But why bother? Why add all of these layers of difficulty to something that is already difficult, with no financial benefit to her or the project?
Fedak considers this, then says, “I think to a degree I’ve always been the type of person that enjoys a challenge for the challenge’s sake. It’s not because I want to say I’ve done it, it’s because I want to know I’ve done it. And because I will learn something from overcoming it.”
The first season of After Forever is a low-budget, goofy, occasionally dark exploration of a hero’s journey after she has slain the dragon. The show veers towards camp, with a talking horse, a heroine who stress eats pastries, tongue-in-cheek voiceovers, and a sorceress who is not exactly sober. Despite the goofiness and a mostly amateur crew, Fedak approaches the project with great care.
When she gathers her team, she immediately establishes an on-set culture of encouragement, growth, openness, and communication. “It’s taking a little extra time to make sure everybody is comfortable. I don’t want a crew that isn’t ready to be themselves and bring themselves to the set.”

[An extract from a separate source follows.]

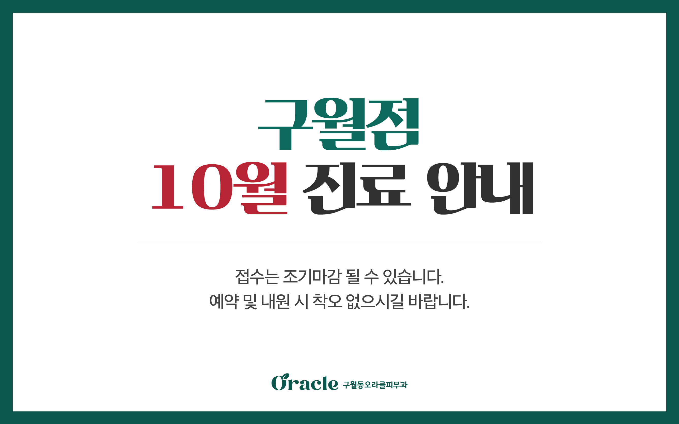 전체구월점송도점 10월 진료안내 2025-09-22 지점명 : 구월점 구월점 휴진안내 2025-09-22 지점명 : 구월점 구월점 리프팅 이벤트 2025-09-01 지점명 : 지방흡입 할인 이벤트 2024-12-26 지점명 : 신분증 확인 의무화 안내 2024-04-08 지점명 : 구월점, 송도점 문신제거 30% 시술지원 2023-12-20 지점명 : 구월동오라클피부과 오시는 길 2023-03-17 지점명 : 일요일 진료 종료안내 2023-08-01 지점명 : 구월점 통합콜센터 운영안내 2023-05-09 지점명 : 구월점, 송도점 제증명 및 진료기록부 사본 발급 신청 시 구비서류 2023-03-08 지점명 : 구월점, 송도점 구월점 & 송도점 통합 홈페이지 오픈 2023-03-14 지점명 : 구월점, 송도점 송도오라클피부과 오시는 길 2023-03-17 지점명 : 송도점 열린1페이지 2페이지 맨끝 게시물 검색 검색대상 제목 내용 제목+내용 검색어 필수

Fedak isn’t merely the writer and director. She also plays the main character Cade, a battle-weary warrior, who, after 600 years of slaying, seeks mortality and a simpler life. Like her creator, Cade is a serious-minded, scone-loving woman surrounded by people who look to her for leadership.
Fedak is a natural storyteller, weaving a narrative with her own life during our interview. In 2014 she graduated from Western Washington University’s Honors program with a degree in creative writing. She finished in three years, taking advantage of the Honors program’s flexibility. For an anthropology class, she once wrote a paper that was a series of love letters exchanged between sperm and ova. “All the science was in there. It was a play, but about gametes.”
For her senior project, Fedak chose to make a film—the first season of After Forever, a six-episode run totaling almost 45 minutes. She was drawn to the potential of reaching a wider audience with film than she could in print. Her budget, courtesy of a school grant, was $300. Fedak had never made a film before, and she had only taken one film class.
But she did have a script. And the film class she’d taken was taught by retired X-Files producer Bob Goodwin. His habit was to invite working and retired professionals to come in and teach a session. When a Hollywood screenwriter came in to talk about writing, he invited students to show him their drafts for honest feedback. Fedak took the writer up on his offer.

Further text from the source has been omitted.